Description of problem: When attempting to start/restart gluster, volumes fail to start. logs indicate timeout issues Version-Release number of selected component (if applicable): glusterfs-server-3.8.8-1.el7.x86_64 How reproducible: always Steps to Reproduce: 1. restart gluster 2. wait 3. gluster volume status /statedump and related commands return Error : Request timed out Actual results: Error : Request timed out Expected results: volume status returns Additional info:
Created attachment 1242236 [details] logfile (sanitized domain name) log file in debug. it expands to ~50Mb
These rpc timeouts occur on all servers.
Hi Joe, Yea, we are seeing these on all the servers. 24007 is open on all hosts though. [lucho@localhost HCI_scripts]$ ansible chi-virt-infra-hosts -m shell -a 'tcping -t 10 chi-virt-103-7-gluster.REDACTED.com 24007' -uroot chi-virt-103-7.REDACTED.com | SUCCESS | rc=0 >> chi-virt-103-7-gluster.REDACTED.com port 24007 open. chi-virt-102-7.REDACTED.com | SUCCESS | rc=0 >> chi-virt-103-7-gluster.REDACTED.com port 24007 open. chi-virt-101-7.REDACTED.com | SUCCESS | rc=0 >> chi-virt-103-7-gluster.REDACTED.com port 24007 open. [lucho@localhost HCI_scripts]$ ansible chi-virt-infra-hosts -m shell -a 'tcping -t 10 chi-virt-102-7-gluster.REDACTED.com 24007' -uroot chi-virt-103-7.REDACTED.com | SUCCESS | rc=0 >> chi-virt-102-7-gluster.REDACTED.com port 24007 open. chi-virt-101-7.REDACTED.com | SUCCESS | rc=0 >> chi-virt-102-7-gluster.REDACTED.com port 24007 open. chi-virt-102-7.REDACTED.com | SUCCESS | rc=0 >> chi-virt-102-7-gluster.REDACTED.com port 24007 open. [lucho@localhost HCI_scripts]$ ansible chi-virt-infra-hosts -m shell -a 'tcping -t 10 chi-virt-101-7-gluster.REDACTED.com 24007' -uroot chi-virt-102-7.REDACTED.com | SUCCESS | rc=0 >> chi-virt-101-7-gluster.REDACTED.com port 24007 open. chi-virt-103-7.REDACTED.com | SUCCESS | rc=0 >> chi-virt-101-7-gluster.REDACTED.com port 24007 open. chi-virt-101-7.REDACTED.com | SUCCESS | rc=0 >> chi-virt-101-7-gluster.REDACTED.com port 24007 open. [lucho@localhost HCI_scripts]$
Is there any additional information I can provide?

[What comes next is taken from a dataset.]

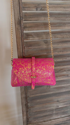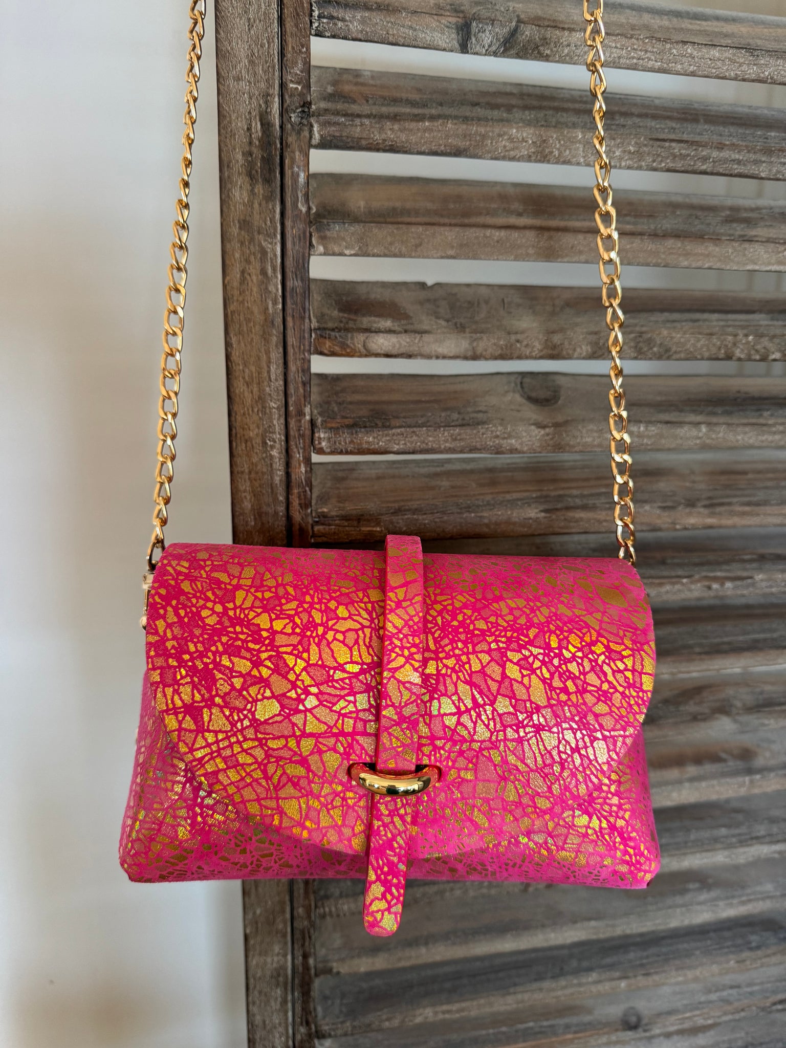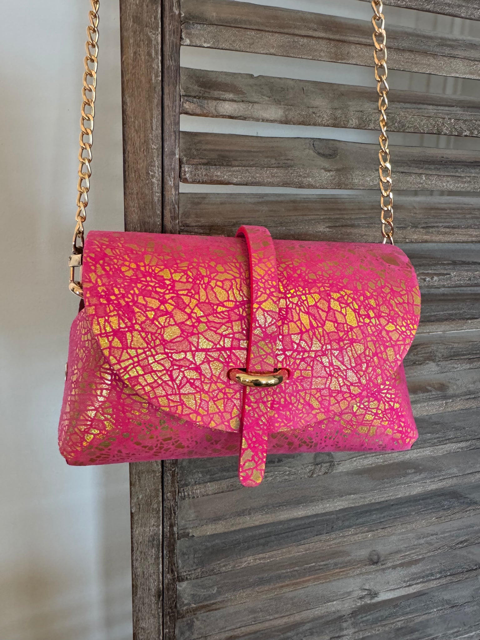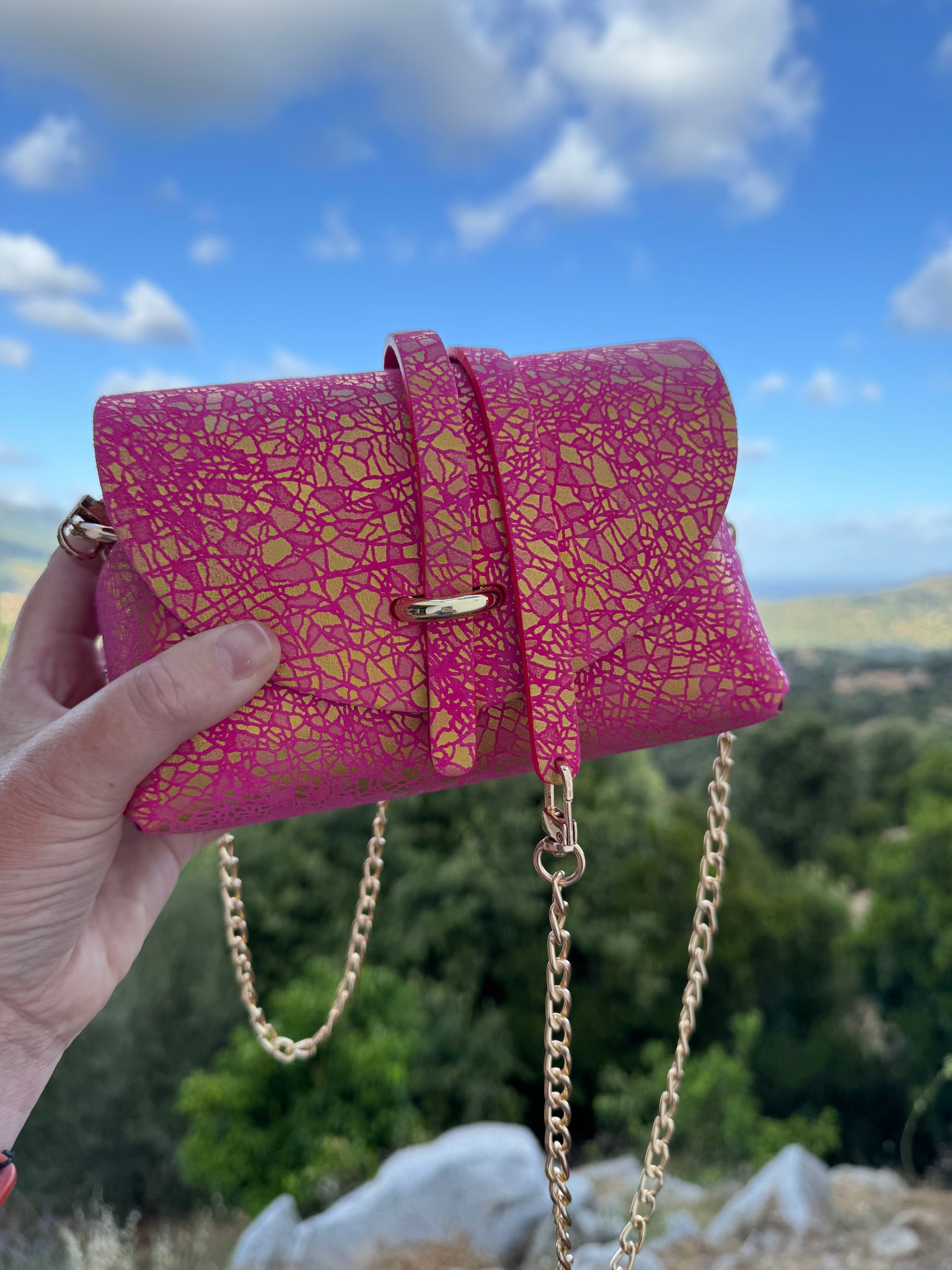 Voici notre nouveau Drop ! Cette beauté de sac Bee est tout en cuir , un cuir version terrazzo or fond rose fushia , couleur vitaminée , solaire , couleur qui vous donne la pêche et le sourire du matin au soir ! Il est d’un chic fou et absolu ! Il est canon ! Chaîne dorée ! Tellement chic ! C’est une bombe atomique et nous en sommes très fières ! J’espère que vous aurez envie de le porter à votre tour et de l’adopter et qu’il fera parti de vos indispensables ! Il est unique !

(In reply to Luis E. Cerezo from comment #1) > Created attachment 1242236 [details] > logfile (sanitized domain name) > > log file in debug. it expands to ~50Mb The logfile attached is not readable. Could you please check and reattach the glusterd log file?
Here's a pastbin url from the irc chat (DEBUG REMOVED) The attachment is a gzip of the log file. https://paste.fedoraproject.org/529909/47589871/
I'll upload the file again. It's gzipped of etc-glusterfs-glusterd.vol.log on one host in debug mode. I can provide other nodes in this 3 node setup if you wish.
Created attachment 1243905 [details] etc-glusterfs-glusterd.vol.log GZIP
sha512sum etc-glusterfs-glusterd.vol.log.gz 0d1dff013fb7e6a6ed3aeda60498c9565693c6b858b0f0579d02c48f0fb0874e5948e2620dcc54903708e3da9f2e7aabf868facaeb5bdab4fd1e35bd63dc12b1 etc-glusterfs-glusterd.vol.log.gz
I didn't find any evidence of glusterd not coming up from the log file you shared.
"fails to start" is probably not a logically accurate statement. From his user perspective, that's what he's interpreting the symptoms as. The real problem seems to be the repeating "[2017-01-18 00:07:24.745691] E [rpc-clnt.c:200:call_bail] 0-management: bailing out frame type(Peer mgmt) op(--(2)) xid = 0x8 sent = 2017-01-17 23:57:22.580694. timeout = 600 for 10.49.1.145:24007" timeouts he's getting on all servers.
This bug is getting closed because the 3.8 version is marked End-Of-Life. There will be no further updates to this version. Please open a new bug against a version that still receives bugfixes if you are still facing this issue in a more current release.